How can I calculate the diameter and strength of a helicopter's downdraft?September 23, 2012 3:36 AM   Subscribe

How low can a helicopter fly before people on the ground are affected by its downdraft? Is there a standard way of calculating downdraft strength and diameter at various heights?

I am involved in an event which might be filmed by TV news choppers. For safety reasons, it is important that any downdraft felt by the participants below be no stronger than a light breeze. Ideally, they should feel no downdraft at all. I would like to give clear instructions to media organisations requesting that they keep their helicopters a safe distance away from the event.
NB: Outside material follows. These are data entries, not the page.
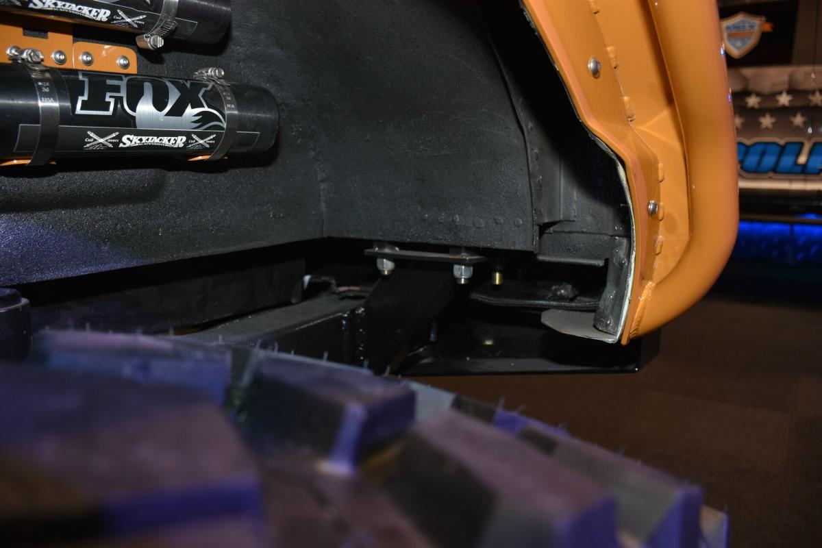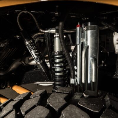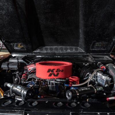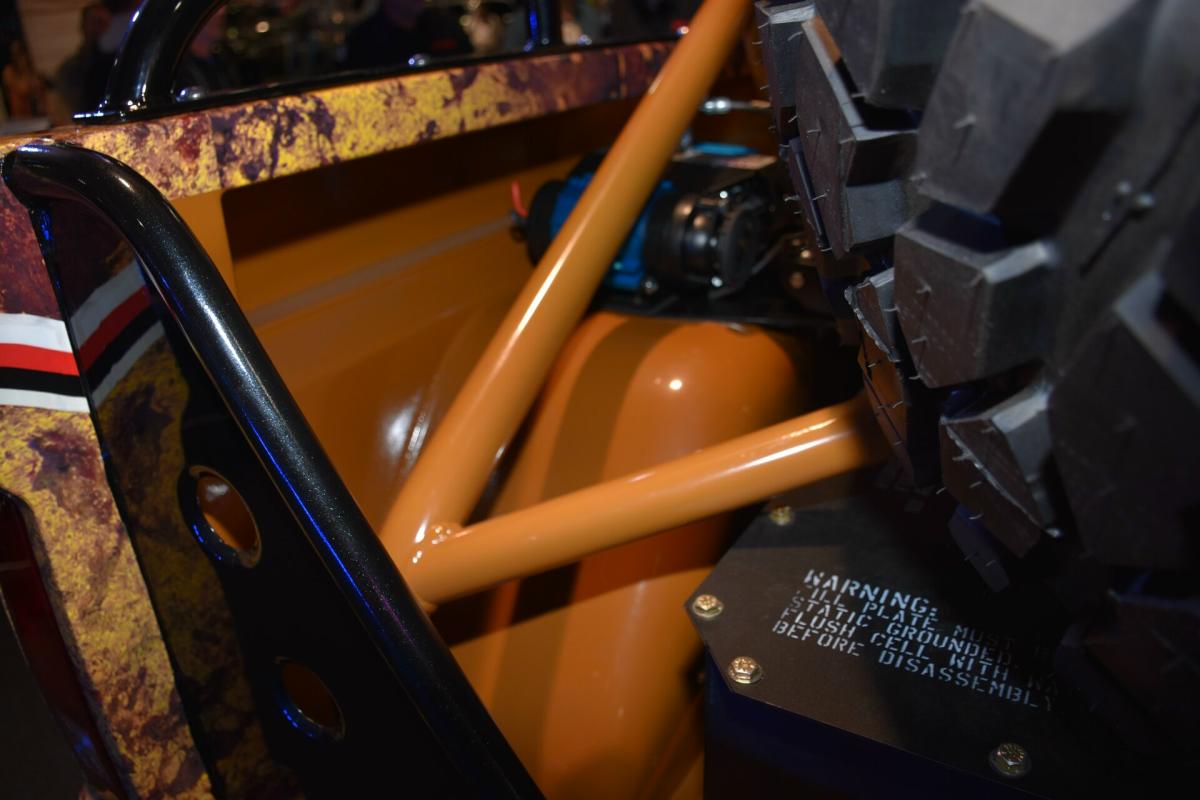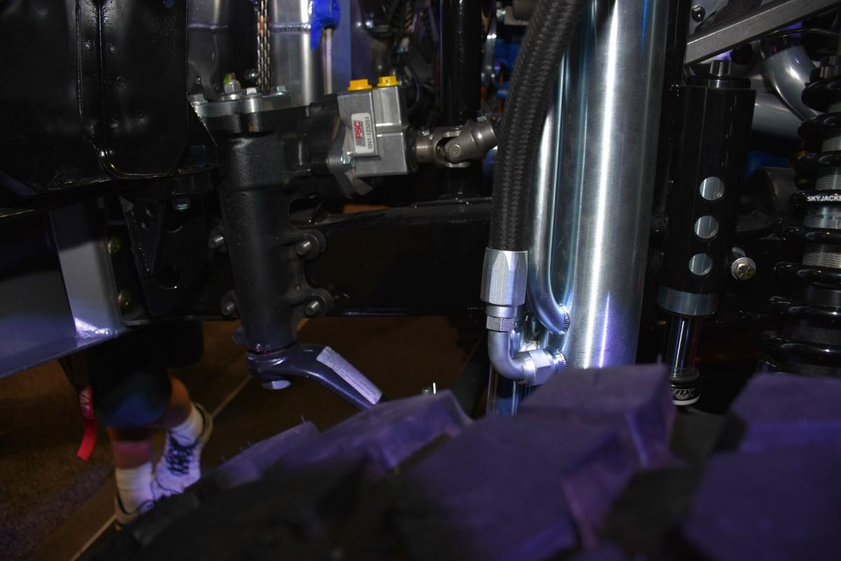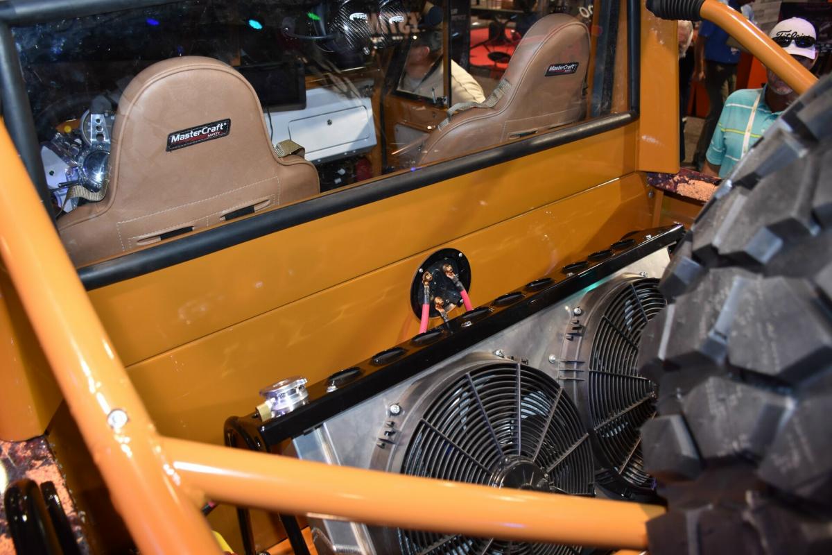 Given the goal to create a real off-road beast, the frame was stretched 8-inches while short-course legend Curt LeDuc was called in to create a custom suspension that pushes the front Dynatrac Dana 60 axle forward 3-inches and the matching rear axle back 3-inches as well. A roll cage was fabricated, which holds the larger CBR Performance radiator and spare tire.
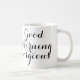 Tell your gorgeous Good Morning with this friendly mug in simple black and white script.
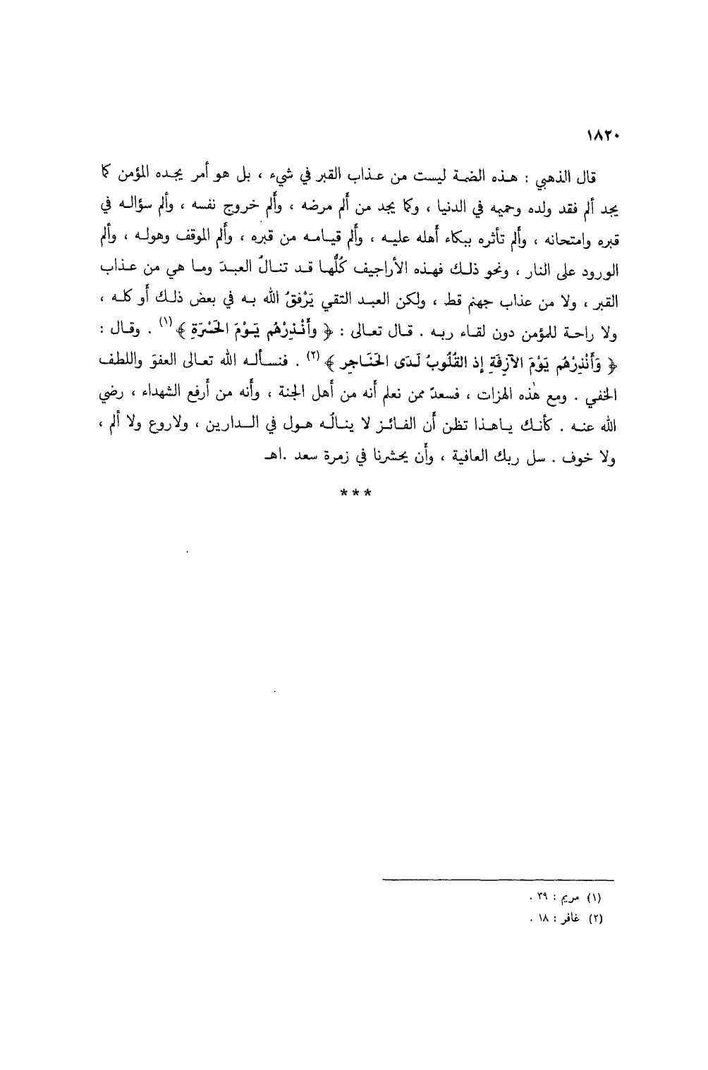 قال الذهبي: هذه الضمة ليست من عذاب القبر في شيء، بل هو أمر يجده المؤمن كما يجد ألم فقد ولده وحميمه في الدنيا، وكما يجد من ألم مرضه، وألم خروج نفسه، وألم سؤاله في قبره وامتحانه، وألم تأثره ببكاء أهله عليه، وألم قيامه من قبره، وألم الموقف وهوله، وألم الورود على النار، ونحو ذلك فهذه الأراجيف كلها قد تنال البعد وما هي من عذاب القبر، ولا من عذاب جهنم قط، ولكن العبد التقي يرفق الله به في بعض ذلك أو كله، ولا راحة للمؤمن دون لقاء ربه. قال تعالى: {وَأَنْذِرْهُمْ يَوْمَ الْحَسْرَةِ} (1). وقال: {وَأَنْذِرْهُمْ يَوْمَ الْآزِفَةِ إِذِ الْقُلُوبُ لَدَى الْحَنَاجِرِ} (2). فنسأله الله تعالى العفو واللطف الخفي. ومع هذه المزات، فسعد ممن نعلم أنه من أهل الجنة، وأنه من أرفع الشهداء، رضي الله عنه. كأنك يا هذا تظن أن الفائز لا يناله هول في الدارين، ولا روع ولا ألم، ولا خوف. سل ربك العافية، وأن يحسرنا في زمرة سعد. اهـ.
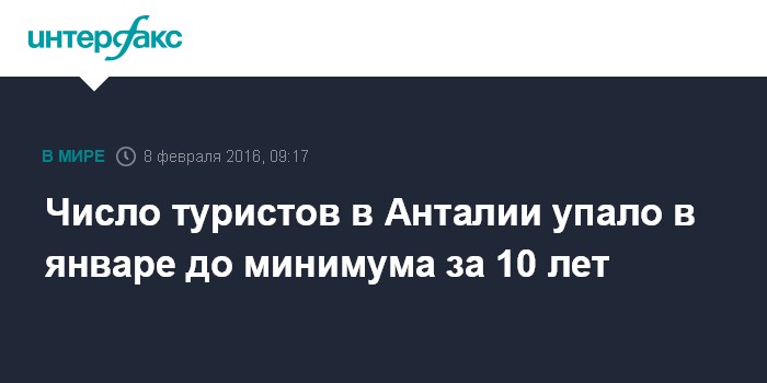 Москва. 8 февраля. INTERFAX.RU - Число иностранных туристов, посетивших в январе турецкий курорт Анталия, составило всего 97 601 человек, что является самым низким за последние 10 лет показателем, сообщает агентство Bloomberg со ссылкой данные, опубликованные газетой Hurriyet.
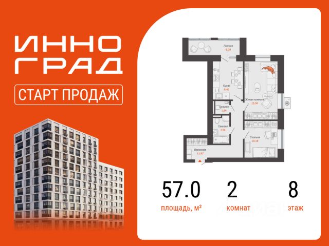 В уютном районе Кирова продается 2-комнатная квартира площадью 57.00 кв. м . Квартира расположена в новом жилом комплексе комфорт-класса "Инноград" от девелопера "Железно". "Инноград" - это больше, чем просто жилой комплекс. Это полноценный город в городе, где всё необходимое для насыщенной жизни, работы и отдыха находится в шаге от вашего дома. Транспортная доступность • 1 остановка общественного транспорта и 3 автобусных маршрута; • 10 минут на машине до Ж/Д вокзала; • 15 минут до центральной улицы Ленина; • 17 минут до набережной реки Вятки. Архитектура с характером Динамичный и современный облик "Иннограда" формирует архитектурное разнообразие. Здесь уютная среднеэтажная застройка сочетается с выразительными высотными доминантами. Для отделки среднеэтажных домов подобран кирпич - проверенный временем материал, который обеспечивает долговечность, превосходную шумоизоляцию и здоровый микроклимат в каждой квартире. Высотные кирпичи возводятся по современной монолитной технологии, что позволяет создавать здания со свободной планировкой и впечатляющей архитектурой. Благоустройство и удобство Ваш дом - ваша крепость. В "Иннограде" эта идея воплощена в концепции закрытых дворов. Это приватные и безопасные пространства только для жителей, где вы и ваши дети можете наслаждаться спокойствием и комфортом, будучи на шаг впереди городской суеты. Красоту ландшафта подчеркивает озеленение и МАФы. Центром социальной жизни "Иннограда" станут две общественных площади для встреч, прогулок и общения, а также инновационный плейхаб для активного отдыха жителей всех возрастов. Инфраструктура для жизни и бизнеса • Собственный бизнес-центр, ФОК и медицинский центр; • Соседский центр, коворкинг и Школа искусств; • Два встроенных детских сада на 280 мест и отдельно стоящий на 320 мест; • Новая современная школа на 1500 учеников; • Встроенная коммерция на первых этажах.
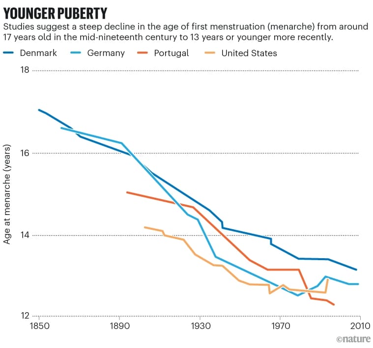 A idade em que as meninas iniciam a puberdade caiu drasticamente. Agora, a ciência está correndo contra o relógio para entender o porquê. Se na década de 1840 a primeira menstruação ocorria aos 17 anos, hoje, ela acontece em torno dos 12. O desenvolvimento das mamas, que nos anos 60 começava aos 11, agora ocorre entre os 9 e 10 anos — com casos cada vez mais comuns de meninas de 8 anos já apresentando sinais. | ![]() (Imagem: Nature) |
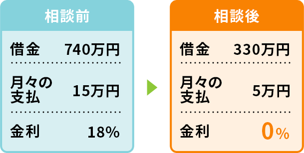 複数の業者から借金をして、いつの間にか700万円超えに。毎月の支払いが収入を上回っている状況で、収入を増やそうと副業も始めましたが体調を崩す始末…。お金のことが頭から離れられないくらい追い詰められていましたが、借金減額診断をしてみたところ利息カット・月々の返済も大幅に減額できました!これから生活を立て直し、毎月無理なく返済していきたいと思います。
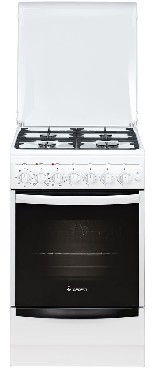 Размеры 50х58,5х85 Цвет: белый Объем духовки, л: 55 Количество зон приготовления: 4 Варочная поверхность: эмалированная Фасад: эмалированный Крышка: металлическая крышк Класс энергоэффективности: A Класс электробезопасности: I Духовка: электрическая Вертел с электроприводом Съемные проволочные направляющие духовки Выдвижной ящик для посуды и принадлежностей Таймер электромеханический Гриль электрический Терморегулятор (термостат) Ножки регулировочные Чугунные решетки горелок стола Подсветка духовки одинарная Электророзжиг горелок, кнопка розжига на панели
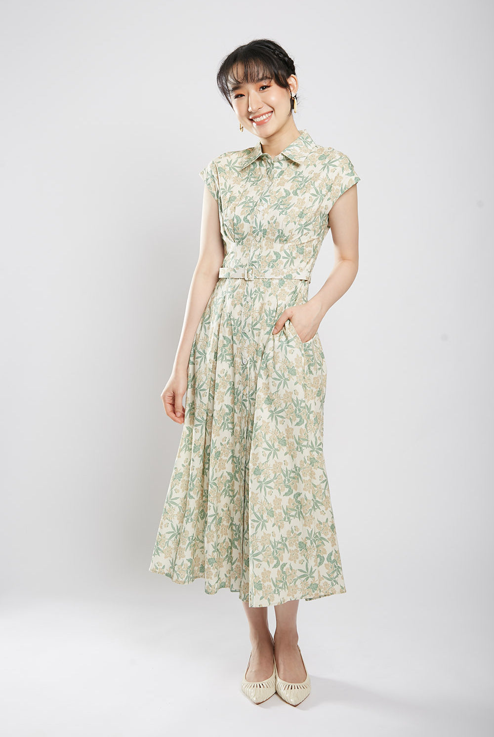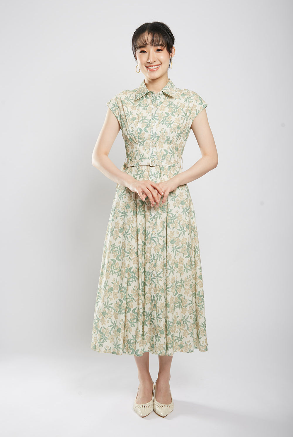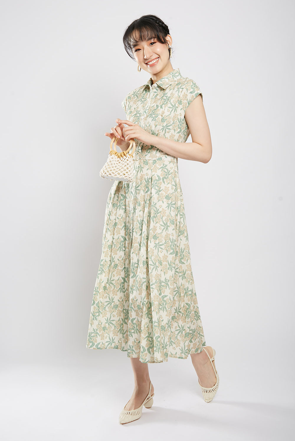 Aureline Tie-Neck Blouse in Moss Green Floral
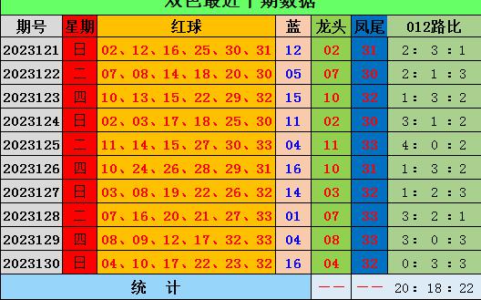 上期回顾,双色球23130期开出奖号:红球041017222332,蓝球16。当期红球号码大小比为4:2,三区比为2:2:2,奇偶比为2:4。本期红球开出重号1732,开出连号2223。蓝球开出大偶数球16。

How can I calculate what that distance should be?

(I don't know the precise helicopter models involved, but let's assume we're dealing with small to medium commercial craft).
posted by embrangled to Travel & Transportation (7 answers total)

Best answer: I think you need to worry less about downdraft than about the FAA minimum altitude laws. Google "FAA helicopter minimum altitude" and you'll see that most likely the lowest they'll be able to go is 1,000 feet. There will be no noticeable downdraft at that height. TV News helos should be aware of this. This assumes that the TV crews wouldn't have to follow some commercial FAA rules.
posted by Farce_First at 4:25 AM on September 23, 2012

The 1000 foot rule applies to fixed wing aircraft; helicopters have special rules, see FAR 91.119 d.

I don't have the answer for you, embrangled, but can you communicate to the media helicopters your safety requirements? That pilot is constantly working on maintaining a safe altitude and if you have a rotor wash safety concern they should be able to accomodate you without you doing a bunch of math for them. In particular the pilots should already be very sensitive to rotor wash stirring up debris on the ground.
posted by Nelson at 8:10 AM on September 23, 2012

Yeah, I'd be far less worried about wind than noise. I mean sure, a bunch of air gets blown around, but helicopters close enough that you have wind issues are pretty loud. Even circling at 500', if you have special communications requirements (director talking to tech folks) or other audio issues (PA system), those are far more of a concern than the wind.
posted by straw at 8:50 AM on September 23, 2012

requesting that they keep their helicopters a safe distance away from the event.

The pilot's #1 concern at all times is maintaining an altitude and position that is safe from obstructions, seen or unseen. This is almost invariably going to be several hundred feet, which is far too high for any downwash effects to be felt on the ground.

If you pay attention to that mythbusters episode, they actually show that the downwash is significant near the edge of the rotors, but less significant when right up next to the helicopter body. You can also plainly see the force on Tory and Grant's clothing, even though they're not underneath the helicopter (the downwash is being blown radially outwards by the ground below the helicopter).
posted by kiltedtaco at 9:44 AM on September 23, 2012

Helicopter pilot and safety officer here.

If the helicopters are more than 100' over the ground, no one will feel anything more than a light breeze. You may be able to work with media in order to keep them away, but if the cooperation isn't there then you're SOL - they have as much of a right to be overhead as you do. (I'm assuming there isn't a temporary flight restriction or other complicating factor associated with this event.)

For comparison, here's some video of a medium helicopter taking off from a ship. Notice that the wind noise diminishes considerably as the helicopter moves off of the deck and the sleeves of the enlisted member launching the helicopter stop flapping as well.
posted by squorch at 1:03 PM on September 23, 2012 [2 favorites]

The standard heuristic for ground effect is one rotor diameter for helicopters, and one wingspan for fixed-wing aircraft.